Stored entries:
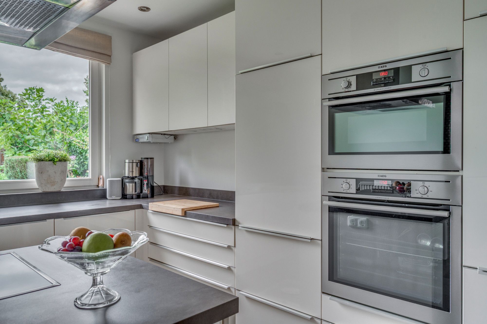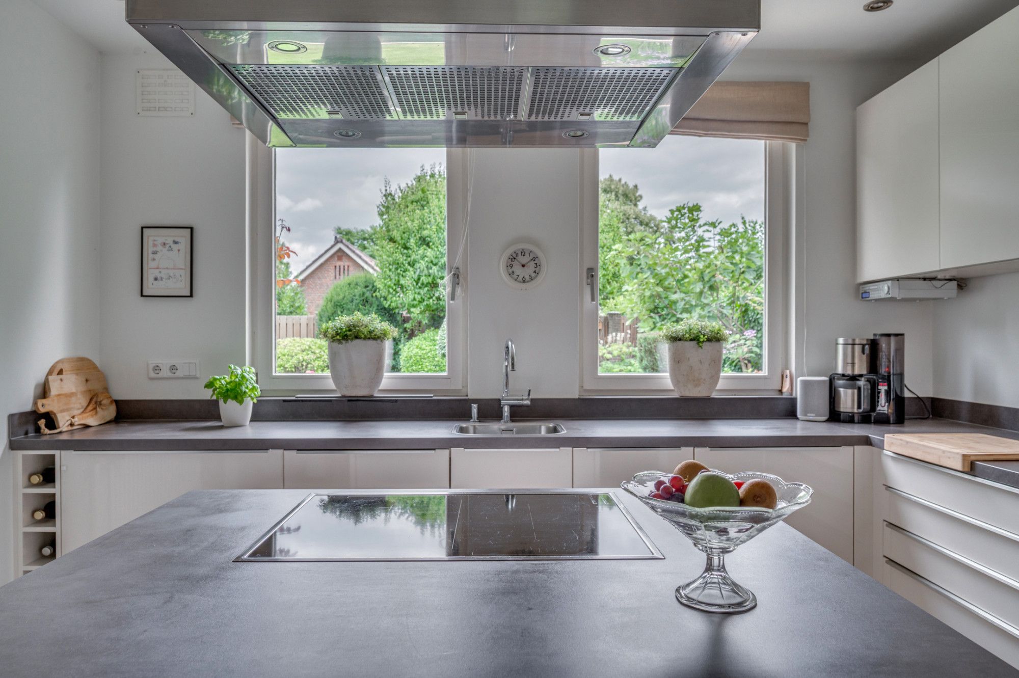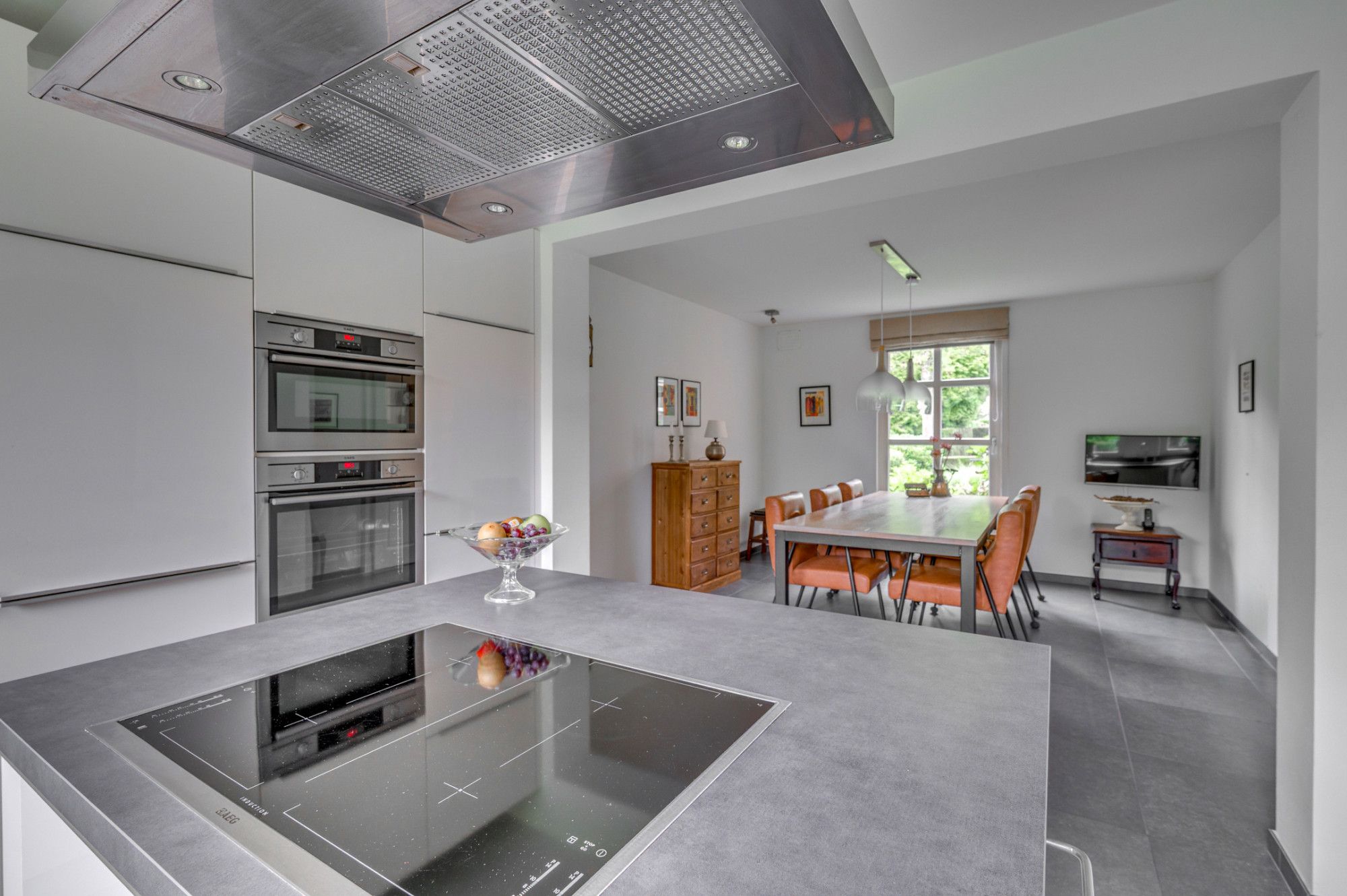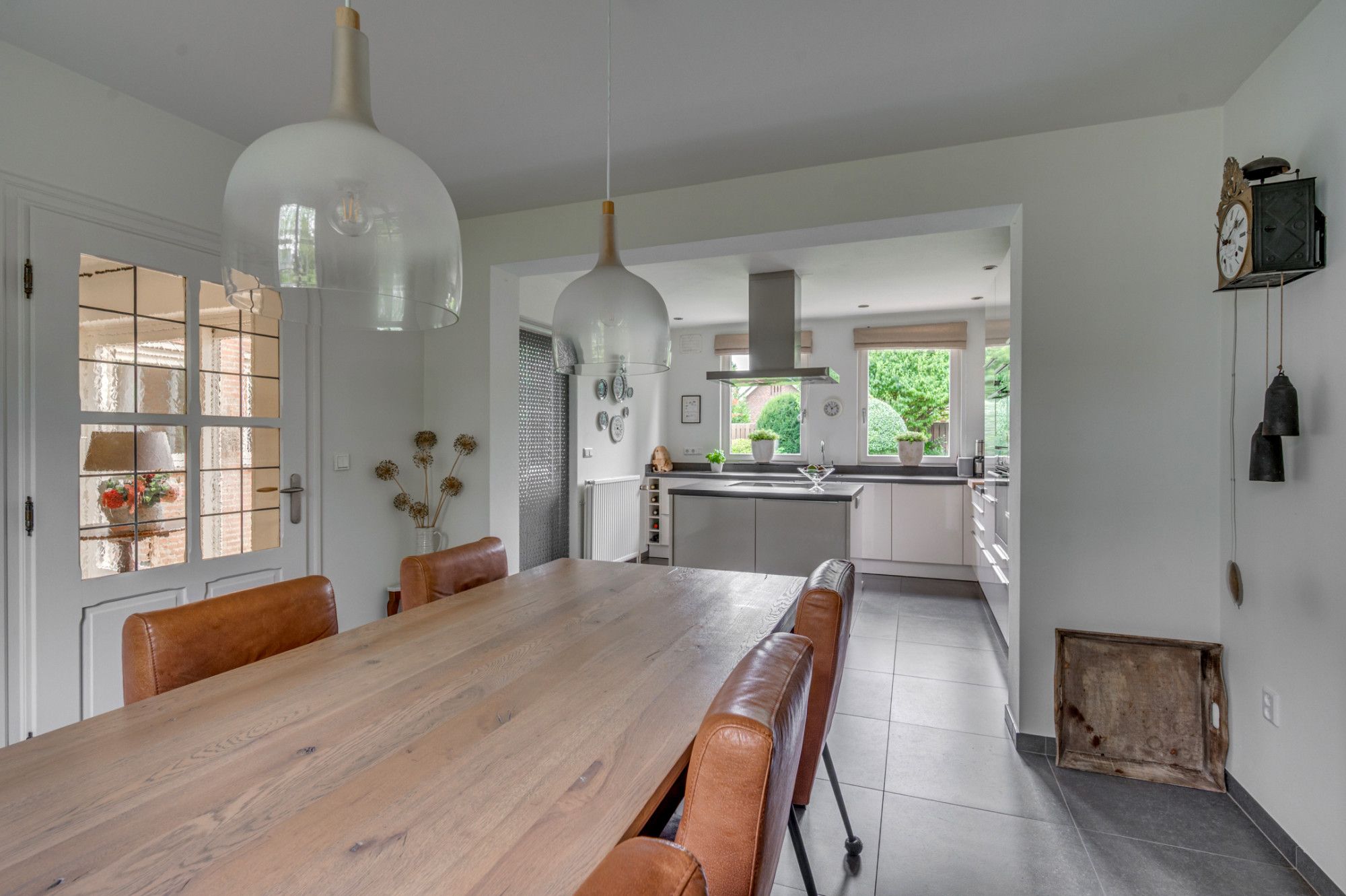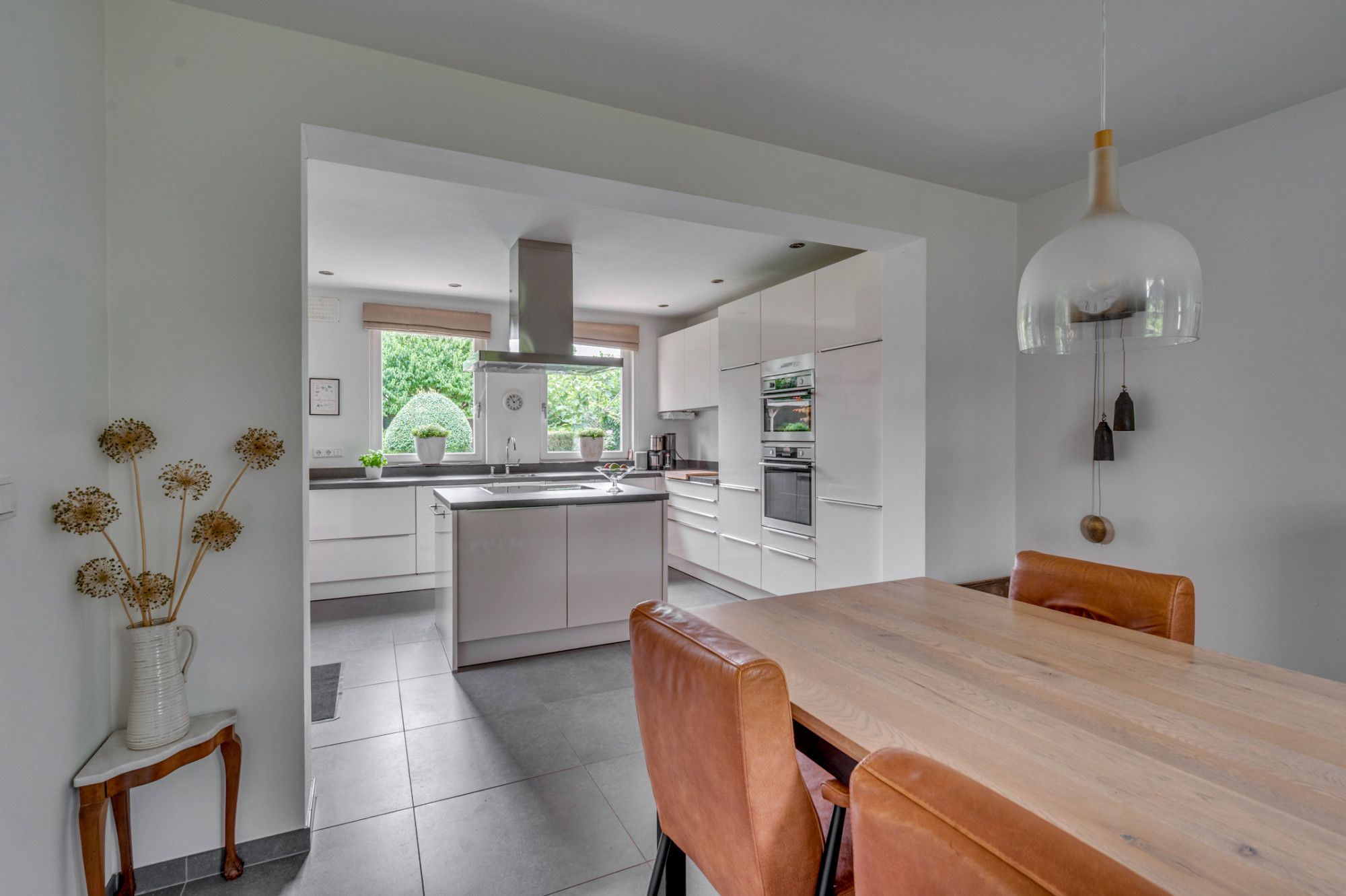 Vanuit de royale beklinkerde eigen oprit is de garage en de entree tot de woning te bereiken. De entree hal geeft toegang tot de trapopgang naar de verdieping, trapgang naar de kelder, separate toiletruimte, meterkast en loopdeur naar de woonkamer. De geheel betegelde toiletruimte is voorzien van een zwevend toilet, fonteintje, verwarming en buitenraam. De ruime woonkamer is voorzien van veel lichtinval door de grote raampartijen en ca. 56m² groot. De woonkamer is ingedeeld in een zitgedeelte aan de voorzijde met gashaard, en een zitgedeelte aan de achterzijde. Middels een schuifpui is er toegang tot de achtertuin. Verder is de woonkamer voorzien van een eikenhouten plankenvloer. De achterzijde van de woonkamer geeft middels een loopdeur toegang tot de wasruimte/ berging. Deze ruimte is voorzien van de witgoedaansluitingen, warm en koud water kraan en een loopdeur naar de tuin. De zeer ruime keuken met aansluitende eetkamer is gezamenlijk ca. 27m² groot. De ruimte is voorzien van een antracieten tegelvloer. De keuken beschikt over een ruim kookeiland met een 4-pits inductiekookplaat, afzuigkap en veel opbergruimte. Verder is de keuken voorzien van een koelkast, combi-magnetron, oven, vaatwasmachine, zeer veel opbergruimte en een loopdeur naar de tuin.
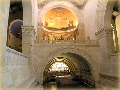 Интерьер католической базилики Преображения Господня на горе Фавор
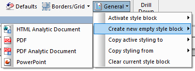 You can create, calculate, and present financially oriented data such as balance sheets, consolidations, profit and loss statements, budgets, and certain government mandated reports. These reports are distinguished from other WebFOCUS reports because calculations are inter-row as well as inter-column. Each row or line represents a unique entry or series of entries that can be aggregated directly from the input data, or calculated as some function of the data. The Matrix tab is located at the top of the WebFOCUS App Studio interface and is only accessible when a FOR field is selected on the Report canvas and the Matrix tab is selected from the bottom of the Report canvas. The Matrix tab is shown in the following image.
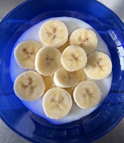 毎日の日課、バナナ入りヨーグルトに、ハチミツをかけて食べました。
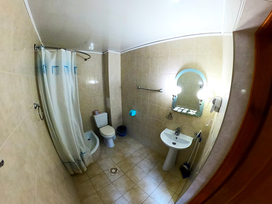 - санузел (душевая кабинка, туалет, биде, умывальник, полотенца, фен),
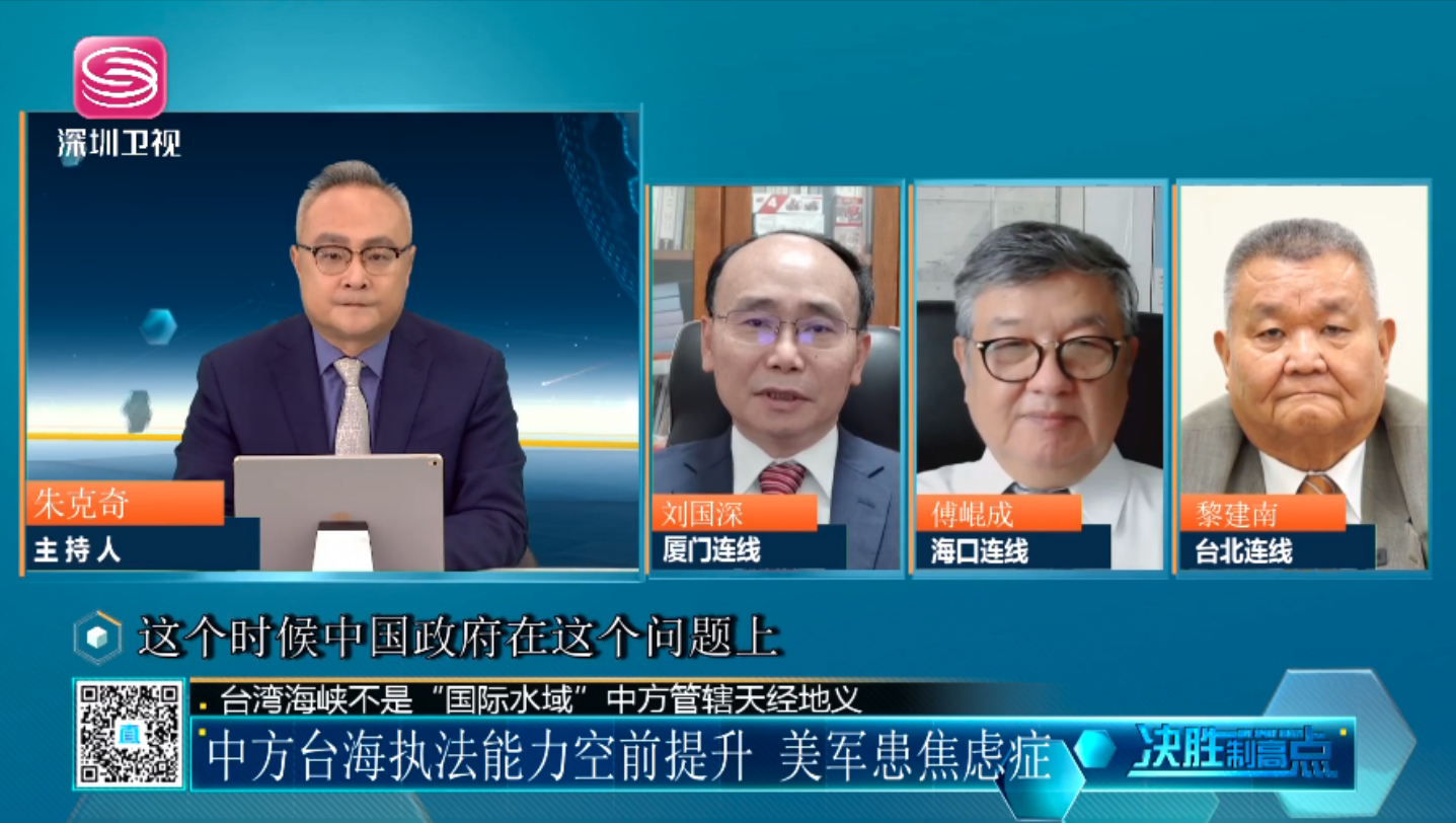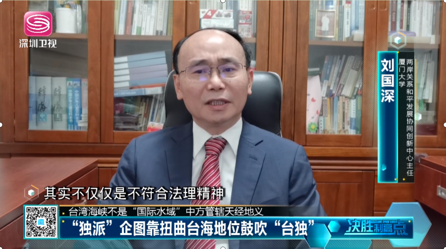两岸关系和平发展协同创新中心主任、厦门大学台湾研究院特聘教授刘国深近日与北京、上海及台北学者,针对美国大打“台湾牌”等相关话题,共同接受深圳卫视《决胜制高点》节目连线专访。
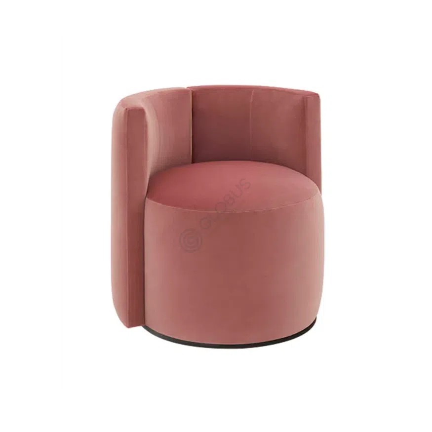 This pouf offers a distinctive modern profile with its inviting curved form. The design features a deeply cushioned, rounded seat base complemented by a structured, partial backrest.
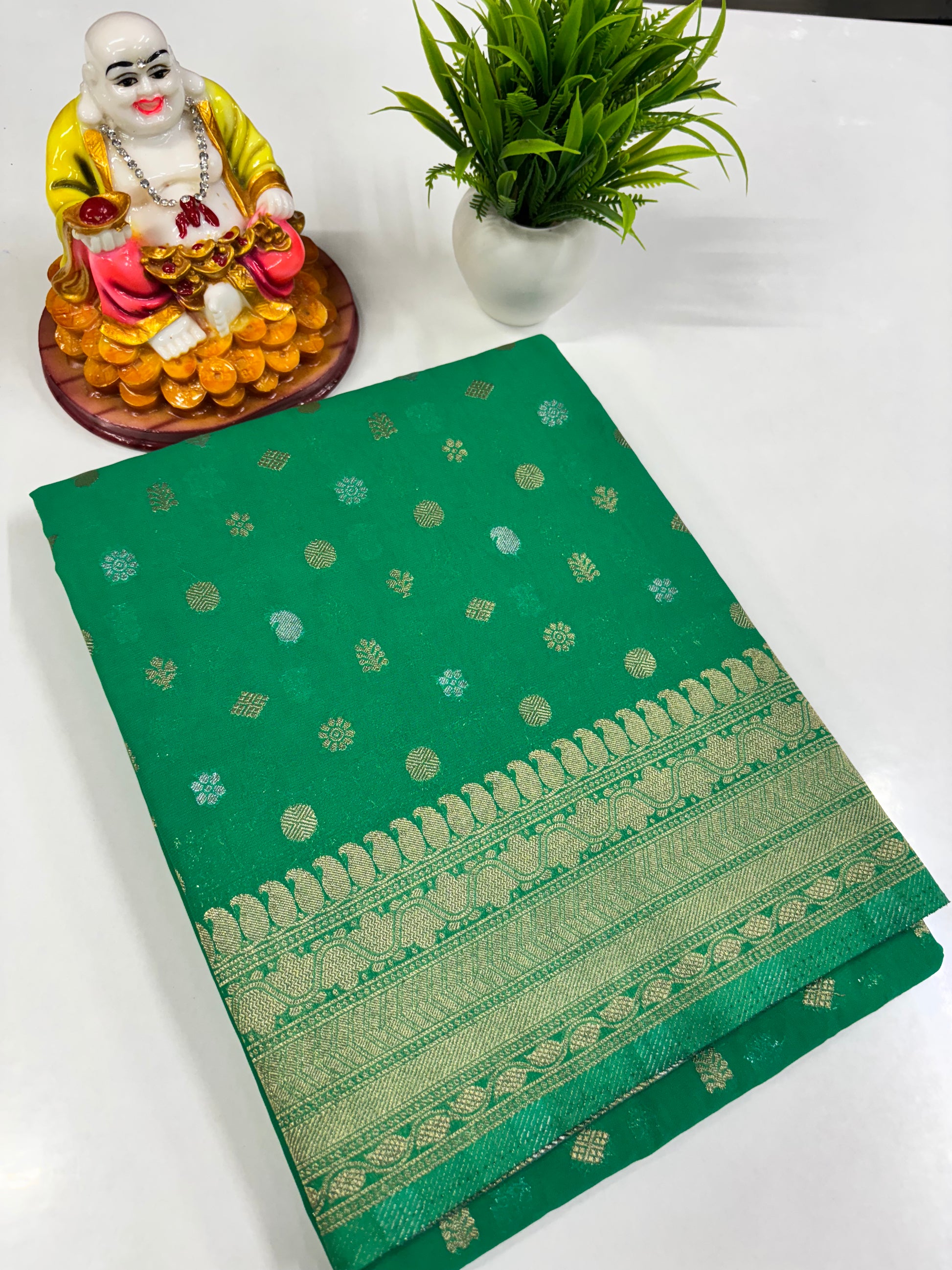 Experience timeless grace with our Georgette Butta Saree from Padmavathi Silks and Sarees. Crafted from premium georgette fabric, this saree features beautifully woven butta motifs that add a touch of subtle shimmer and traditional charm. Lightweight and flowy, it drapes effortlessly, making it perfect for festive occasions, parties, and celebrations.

WORK INSTRUCTIONS: Working from the line with "Интерьер католической базилики" down through the last line of the records, give every line again exactly, but no pictures.

TASK RESULT:
 Интерьер католической базилики Преображения Господня на горе Фавор
 You can create, calculate, and present financially oriented data such as balance sheets, consolidations, profit and loss statements, budgets, and certain government mandated reports. These reports are distinguished from other WebFOCUS reports because calculations are inter-row as well as inter-column. Each row or line represents a unique entry or series of entries that can be aggregated directly from the input data, or calculated as some function of the data. The Matrix tab is located at the top of the WebFOCUS App Studio interface and is only accessible when a FOR field is selected on the Report canvas and the Matrix tab is selected from the bottom of the Report canvas. The Matrix tab is shown in the following image.
 毎日の日課、バナナ入りヨーグルトに、ハチミツをかけて食べました。
 - санузел (душевая кабинка, туалет, биде, умывальник, полотенца, фен),
两岸关系和平发展协同创新中心主任、厦门大学台湾研究院特聘教授刘国深近日与北京、上海及台北学者,针对美国大打“台湾牌”等相关话题,共同接受深圳卫视《决胜制高点》节目连线专访。
 This pouf offers a distinctive modern profile with its inviting curved form. The design features a deeply cushioned, rounded seat base complemented by a structured, partial backrest.
 Experience timeless grace with our Georgette Butta Saree from Padmavathi Silks and Sarees. Crafted from premium georgette fabric, this saree features beautifully woven butta motifs that add a touch of subtle shimmer and traditional charm. Lightweight and flowy, it drapes effortlessly, making it perfect for festive occasions, parties, and celebrations.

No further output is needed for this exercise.